As Bean notes below, the Supreme Court has upheld the Federal “Partial Birth” abortion ban, which as I have argued in detail was 1)inevitable with Alito’s appointment to the Court and 2)very bad. It was, I suppose, inevitable that it would come down while I’m on the road, and I therefore haven’t finished reading the decision yet. In the meantime, I note that almost everything that needs to be said about the constitutionality of these laws was said by Justice Stevens in his concurrence in Stenberg v. Carhart, which the Court (despite its disingenuous claims to be following precedent) effectively overrules today:
Although much ink is spilled today describing the gruesome nature of late-term abortion procedures, that rhetoric does not provide me a reason to believe that the procedure Nebraska here claims it seeks to ban is more brutal, more gruesome, or less respectful of “potential life” than the equally gruesome procedure Nebraska claims it still allows. Justice Ginsburg and Judge Posner have, I believe, correctly diagnosed the underlying reason for the enactment of this legislation–a reason that also explains much of the Court’s rhetoric directed at an objective that extends well beyond the narrow issue that this case presents. The rhetoric is almost, but not quite, loud enough to obscure the quiet fact that during the past 27 years, the central holding of Roe v. Wade, has been endorsed by all but 4 of the 17 Justices who have addressed the issue. That holding–that the word “liberty” in the Fourteenth Amendment includes a woman’s right to make this difficult and extremely personal decision–makes it impossible for me to understand how a State has any legitimate interest in requiring a doctor to follow any procedure other than the one that he or she reasonably believes will best protect the woman in her exercise of this constitutional liberty.
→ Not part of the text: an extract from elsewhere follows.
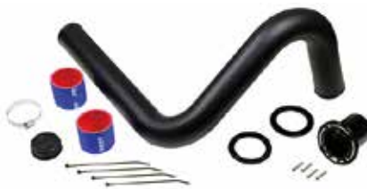
11 リアエキゾーストキット (税別) RS15110-1 SEA-DOO GTR ¥50,760 ¥47,000

But one need not even approach this view today to conclude that Nebraska’s law must fall. For the notion that either of these two equally gruesome procedures performed at this late stage of gestation is more akin to infanticide than the other, or that the State furthers any legitimate interest by banning one but not the other, is simply irrational. See U. S. Const., Amdt. 14.
Upholding ludicrously arbitrary legislation that puts women’s health at risk without furthering any legitimate state interest, while signalling that the “undue burden” standard will be interpreted to uphold virtually any abortion regulation short of a ban sets an extremely dangerous precedent. I’ll have more later.